Notre avenir économique est-il vraiment derrière nous ?



« Avec une économie mondiale qui peine à se remettre de la crise économique de 2008, les inquiétudes à propos de l’avenir (en particulier de celui des économies développées) grandissent. Mon collègue Robert J. Gordon de l’université de Northwest a bien saisi le sentiment de plusieurs économistes en affirmant dans son récent livre The Rise and Fall of American Growth que les grandes innovations qui ont amélioré la productivité depuis un siècle et demi ne peuvent être égalées. Si c’est exact, les économies avancées doivent s’attendre à connaître une faible croissance économique, voire une véritable stagnation, au cours des années suivantes. Mais est-ce que le futur sera vraiment si lugubre ?

Probablement pas. En fait, le pessimisme a régné sur les conceptions qu’ont pu développé les économistes pendant des siècles. En 1830, l’historien britannique Thomas Macauley nota que, "à chaque époque, chacun sait que les choses ne se sont améliorées que lentement, mais personne ne s’attend à ce qu’il y ait de nouvelles améliorations au cours des générations suivantes". Pourquoi, se demanda-t-il, les gens s’attendent à "rien, si ce n’est la détérioration" ? Bientôt, l’optimisme de Macauley fut corroboré par les débuts de l’ère du chemin de fer.
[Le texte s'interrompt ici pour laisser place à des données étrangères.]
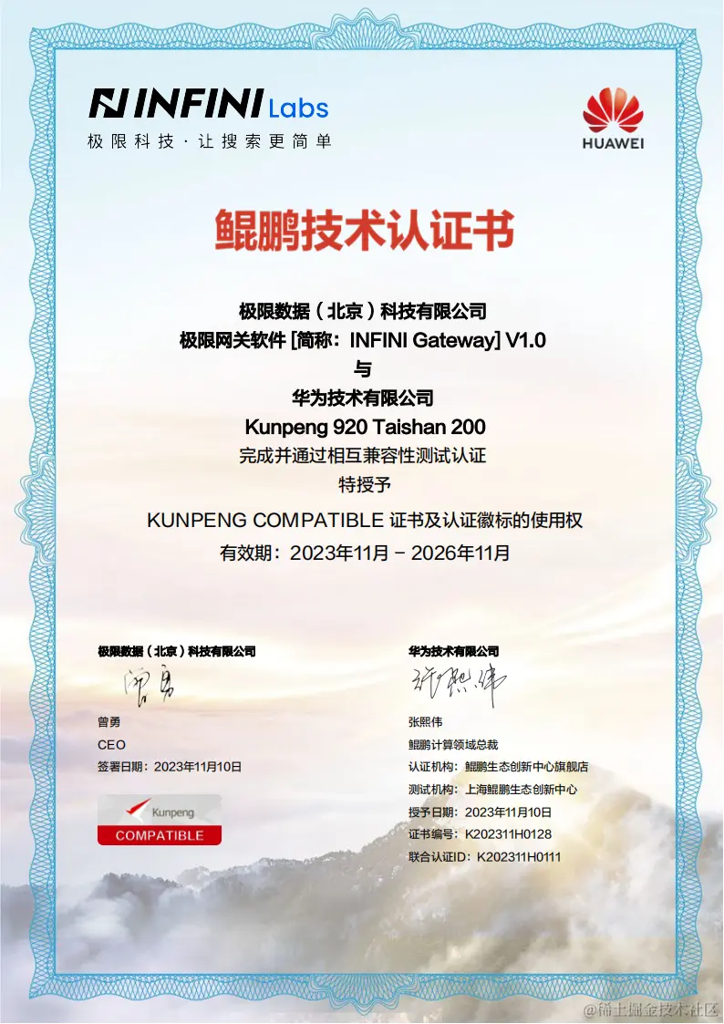 此次兼容适配基于 华为技术有限公司 Kunpeng 920 Taishan 200,在测试过程中,INFINI Gateway 展现出了良好的整体稳定性。经过对产品性能、兼容性、安全性和稳定性的测试,双方达到了预期目标,应用流畅、高效稳定,特授予 KUNPENG COMPATIBLE 证书,并授权使用认证徽标。

Les avancées transformatives dans l’acier, la chimie, l’électricité et l’ingénierie ont rapidement suivi.

En ce qui concerne notre propre futur technologique, je m’attends à un résultat similaire. En fait, j’irais même jusqu’à dire que « nous n’avons encore rien vu ». Les avancées technologiques vont créer de puissantes rafales qui vont faire avancer les économies les plus avancées au monde.

Mon optimisme ne se fonde pas sur une certaine croyance dans le futur, mais sur la façon par laquelle la science (ou le "savoir propositionnel") et la technologie (le "savoir prescriptif") s’alimentent mutuellement. De la même façon que les percées scientifiques peuvent faciliter les innovations technologiques, les avancées technologiques permettent de nouvelles découvertes scientifiques, qui conduiront à leur tour à de nouvelles avancées technologiques. En d’autres mots, il y a une boucle rétroactive entre le progrès scientifique et technologique.

L’histoire de la technologie est remplie d’exemples où cette boucle rétroactive a été à l’œuvre. La révolution scientifique du dix-septième siècle a en partie été rendue possible par des outils nouveaux, technologiquement avancés, tels que les télescopes, les baromètres et les pompes à vide. On ne peut parler de l’émergence de la théorie des germes à la fin des années 1870 sans mentionner les améliorations que le microscope a connues précédemment. Les techniques de cristallographie aux rayons X utilisées par Rosalind Franklin ont joué un rôle déterminant dans la découverte de la structure de l’ADN, aussi bien que dans les découvertes qui ont conduit à l’attribution de plus d’une vingtaine de prix Nobel.

Les instruments dont dispose la science aujourd’hui comprennent des versions modernes de vieux outils qui auraient été inimaginables il n’y a même pas un quart de siècle. Les télescopes ont été envoyés dans l’espace et connectés à des ordinateurs à haute puissance et à optique adaptative, pour révéler un univers assez différent de celui qu’imaginaient les humains. En 2014, les concepteurs du microscope Betzig-Hell furent récompensés par un prix Nobel pour avoir surmonté un obstacle que l’on considérait comme insurmontable, en amenant la microscopie optique à la nanodimension.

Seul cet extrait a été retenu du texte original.